Experimental pipeline for the end models.

In order to understand how the amount of weak labels introduced affects the weakly supervised model, we have experimented with three different ratios of weak labels. Based on the result of the previous experiment, we have used RoBERTa for both weakly supervised and supervised models. First, we have trained our models with all the weak labeled instances (approx. 170K), and then 50K and 25K weak labeled instances respectively, where the total number of instances in the dataset for this set of experiments is approximately 201K. Table 5 shows the results from these experiments. The results of these experiments indicate that the supervised model performs better than the weakly supervised method. As we keep adding more weak labeled data the performance decreases. The weak labeled instances are selected by confidence. This suggests that high-confidence labels contribute best to the detection, whereas low-confidence labels spoil the performance. However, results also show that the difference between these models, (especially the supervised, weak 25K and weak 50K) is marginal. Given that we have tested our system with only one test set, we do not know how the results would change for other datasets. Additionally, our test set is relatively small compared to the training set (see Table 3). We expect weakly supervised models to perform better in conditions where the test set is similar or larger in size as the training data set. We believe that weakly supervised learning for fake news detection is a promising method and should be explored further. Also more research is required to verify the effect of weakly labeled data for fake news detection.

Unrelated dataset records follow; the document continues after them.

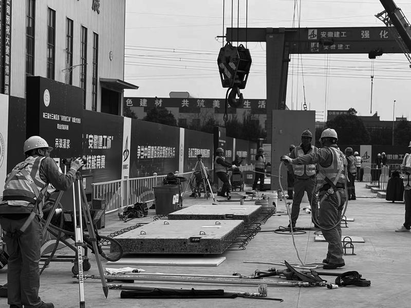 本报讯 吊装、灌浆……在预制内墙板吊装现场,几名装配式建筑施工员正在协作“搭积木”。11月13日,第三届长三角区域“杯”装配式建筑职业技能竞赛在合肥市开幕。来自上海、江苏、浙江、安徽三省一市的99支代表队、347名技能高手齐聚一堂,展开一场高水平技能对决。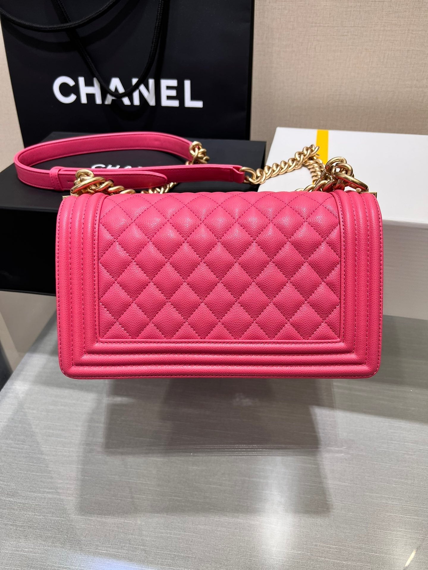 - The single chain strap drop of this bag is 51cm (20in) while the double strap drop is 30.5cm (12in)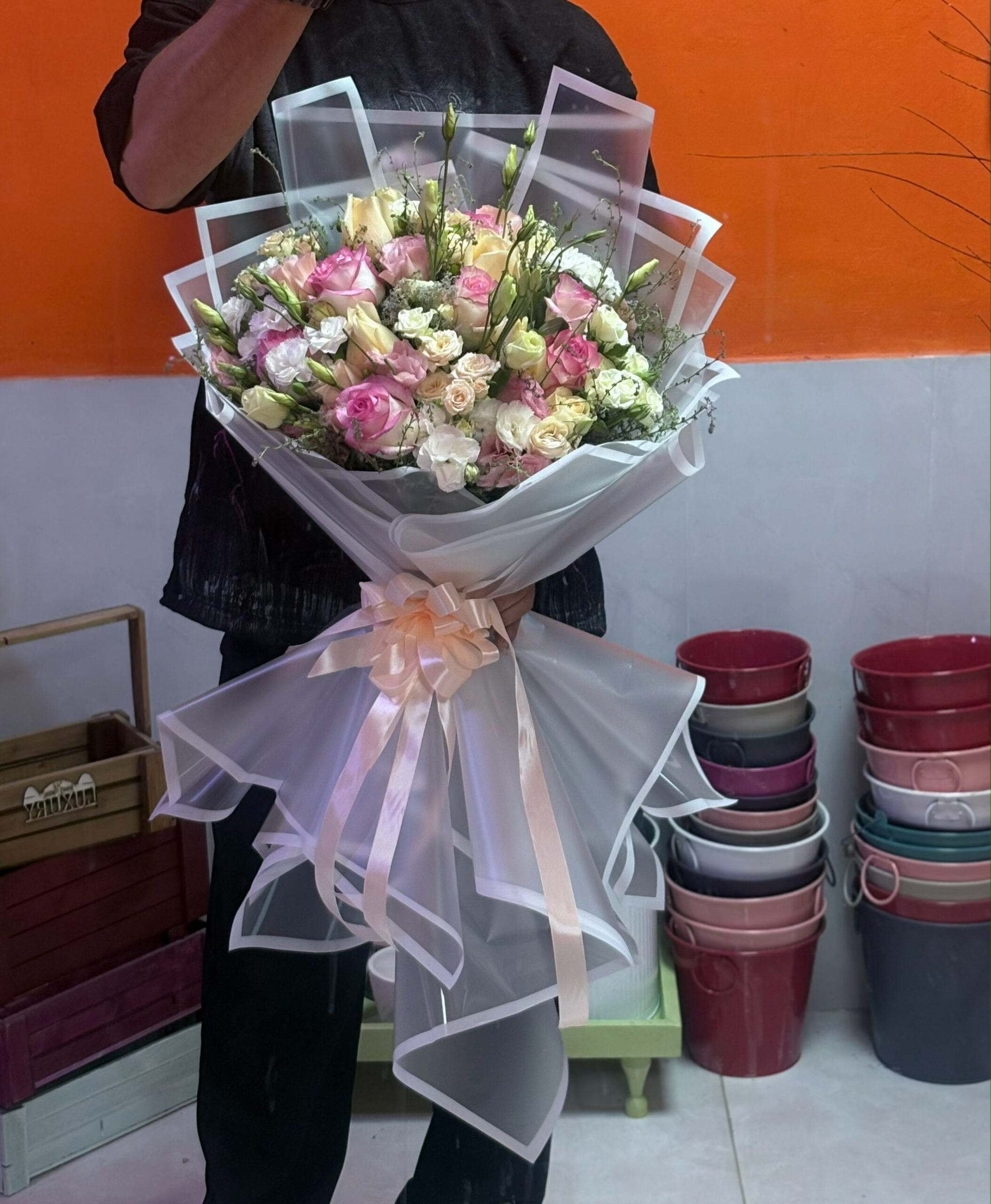 در این چیدمانِ رمانتیک و فاخر، رزهای لب صورتی و نباتی، با درخششِ نرم و دلنشین، همچون بالهای پروانهای از عشق و آرامش میرقصند. رنگِ لبصورتی از دلِ لطافتِ بوسهها برآمده؛ و رزِ نباتی، گرمایی از شکوهِ کلاسیک را در جانِ دستهگل جاری میکند. در کنارِ آنها، رزهای مینیاتوری با غنچههای ظریف و پر احساس، روحی جوان و شاعرانه به اثر میدهند — لطافتی بیپایان، میان شکوفه و رؤیا.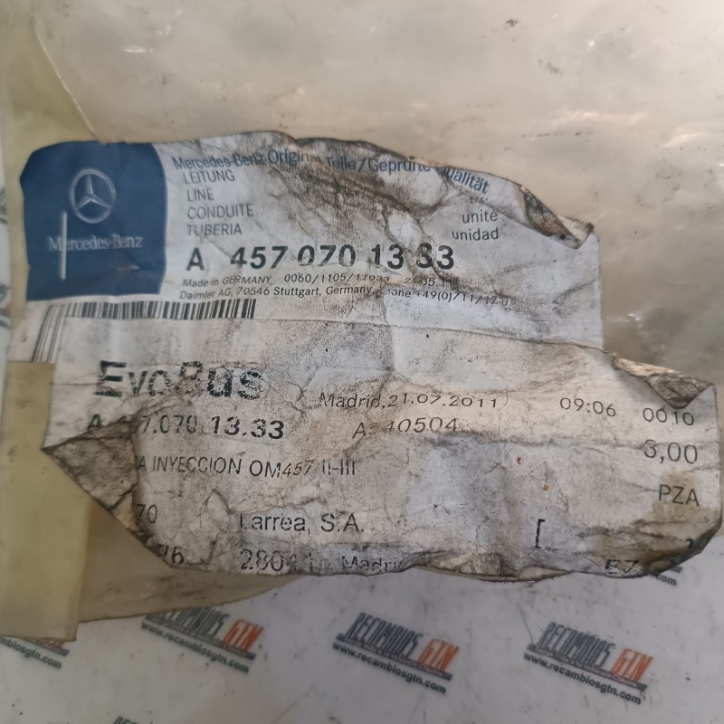 Tubería alta presión, sistema inyección para MERCEDES-BENZ. Original Mercedes referencia A4570701333. Nuevo de antiguo stock.

Table 3. Size of datasets used.
Table 4. Comparison of classifiers. For each of the five classifiers, we list the scores on the manually created test set, as well as the difference between the usage of weakly supervised labels. The rows refer to Logistic Regression (LR), XGBoost (XG), ALBERT (AL), XLNet (XL), and RoBERTa (Ro).
Table 5. The comparison of supervised and weakly supervised models with different ratios of weak labels.

5 Conclusions and Future Work

Automation will remain necessary to combat fake news as long as fact-checkers remain a scarce resource. Fake news classifiers rely on accurate labels. This work proposed and explored the use of weakly supervised learning that relies only on the content features. Our observations on the performance of different weak labeling frameworks suggest that Snuba performs better than Snorkel for this task. As a result of our experiments with five different classifiers, RoBERTa outperformed the other four classifiers both in supervised and weakly supervised tasks. We tested the weak labels’ utility for fake news detection with help of the NELA-GT-2019 data set and a manually created test set where it has been made publicly available. We observed that the more weak labels we introduced, the more the classification performance dropped. However, this decrease is not significant. Therefore weakly supervised learning may be a suitable method to use in the absence of labeled data. More research is necessary to investigate successful ways to blend weak labels without compromising performance.

As a future work, we intend to use additional data sets to verify our findings. Further, we will explore how to effectively use confidence score to estimate weak label’s effect.